-------- INFORMATION PROVIDED --------

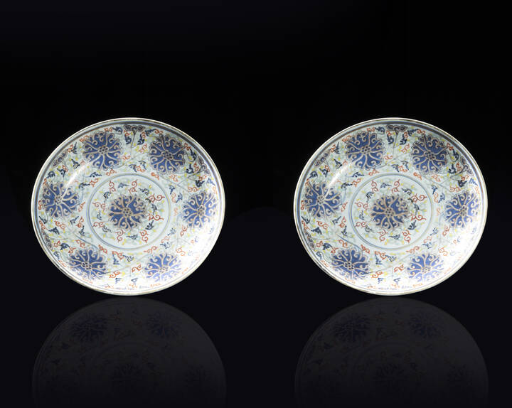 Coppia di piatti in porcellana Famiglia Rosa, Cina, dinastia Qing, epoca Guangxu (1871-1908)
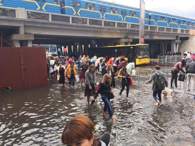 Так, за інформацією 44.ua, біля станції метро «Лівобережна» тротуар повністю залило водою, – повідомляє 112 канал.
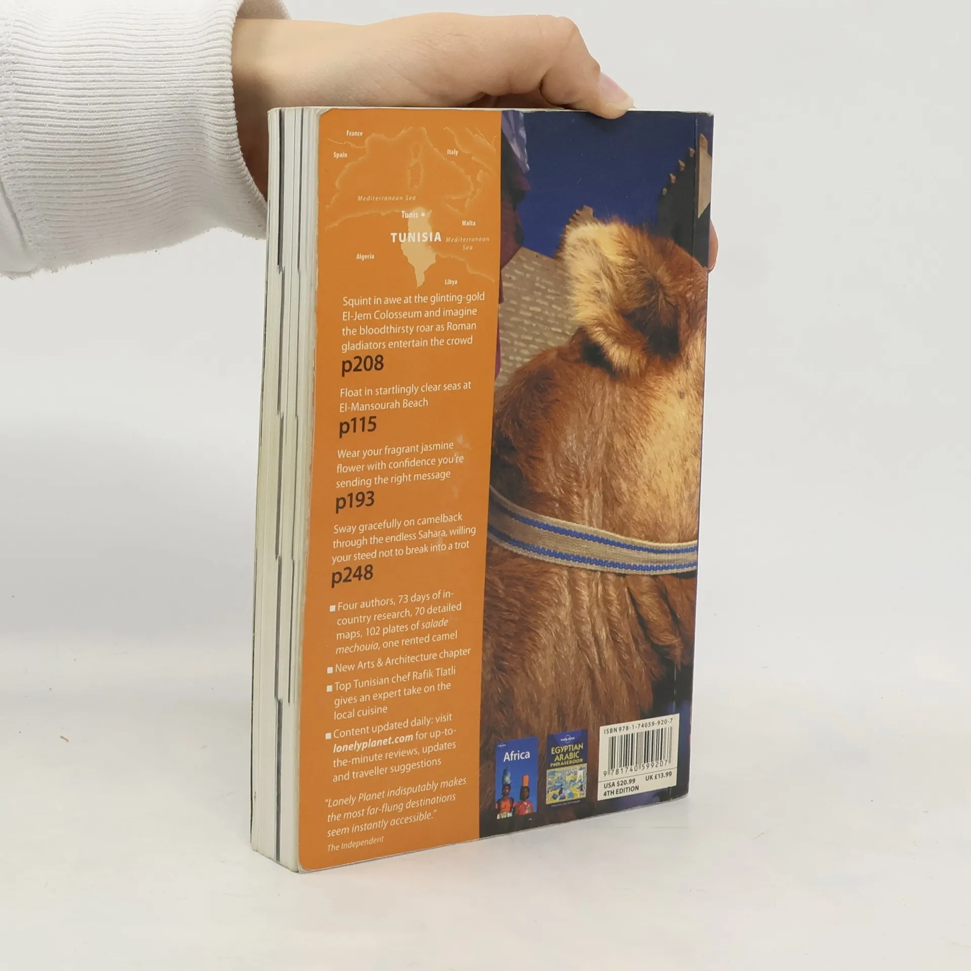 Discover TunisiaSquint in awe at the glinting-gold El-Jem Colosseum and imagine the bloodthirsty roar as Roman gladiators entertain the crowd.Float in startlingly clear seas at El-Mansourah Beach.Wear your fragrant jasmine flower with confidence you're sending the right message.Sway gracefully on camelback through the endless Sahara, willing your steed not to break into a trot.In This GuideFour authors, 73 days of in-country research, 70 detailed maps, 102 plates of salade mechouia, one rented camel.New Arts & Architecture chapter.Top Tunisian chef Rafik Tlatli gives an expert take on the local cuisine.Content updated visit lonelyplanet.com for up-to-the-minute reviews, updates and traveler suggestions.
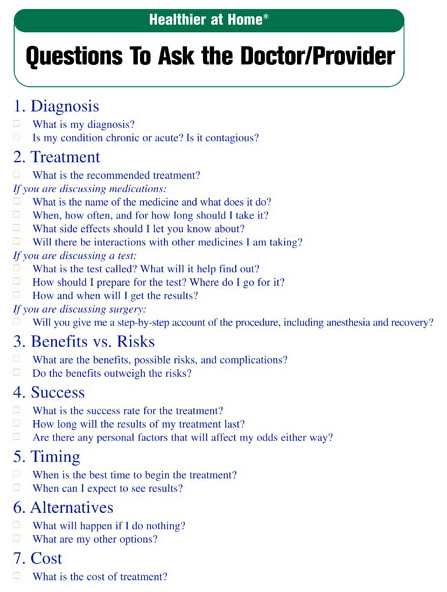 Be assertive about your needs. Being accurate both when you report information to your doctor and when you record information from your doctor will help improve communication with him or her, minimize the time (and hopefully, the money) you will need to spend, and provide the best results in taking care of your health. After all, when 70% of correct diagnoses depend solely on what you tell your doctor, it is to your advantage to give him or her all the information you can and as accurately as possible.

--------

→ WORK ORDER: Reproduce the material exactly. Pictures stay out.

→ FINISHED TASK:
 Coppia di piatti in porcellana Famiglia Rosa, Cina, dinastia Qing, epoca Guangxu (1871-1908)
 Так, за інформацією 44.ua, біля станції метро «Лівобережна» тротуар повністю залило водою, – повідомляє 112 канал.
 Discover TunisiaSquint in awe at the glinting-gold El-Jem Colosseum and imagine the bloodthirsty roar as Roman gladiators entertain the crowd.Float in startlingly clear seas at El-Mansourah Beach.Wear your fragrant jasmine flower with confidence you're sending the right message.Sway gracefully on camelback through the endless Sahara, willing your steed not to break into a trot.In This GuideFour authors, 73 days of in-country research, 70 detailed maps, 102 plates of salade mechouia, one rented camel.New Arts & Architecture chapter.Top Tunisian chef Rafik Tlatli gives an expert take on the local cuisine.Content updated visit lonelyplanet.com for up-to-the-minute reviews, updates and traveler suggestions.
 Be assertive about your needs. Being accurate both when you report information to your doctor and when you record information from your doctor will help improve communication with him or her, minimize the time (and hopefully, the money) you will need to spend, and provide the best results in taking care of your health. After all, when 70% of correct diagnoses depend solely on what you tell your doctor, it is to your advantage to give him or her all the information you can and as accurately as possible.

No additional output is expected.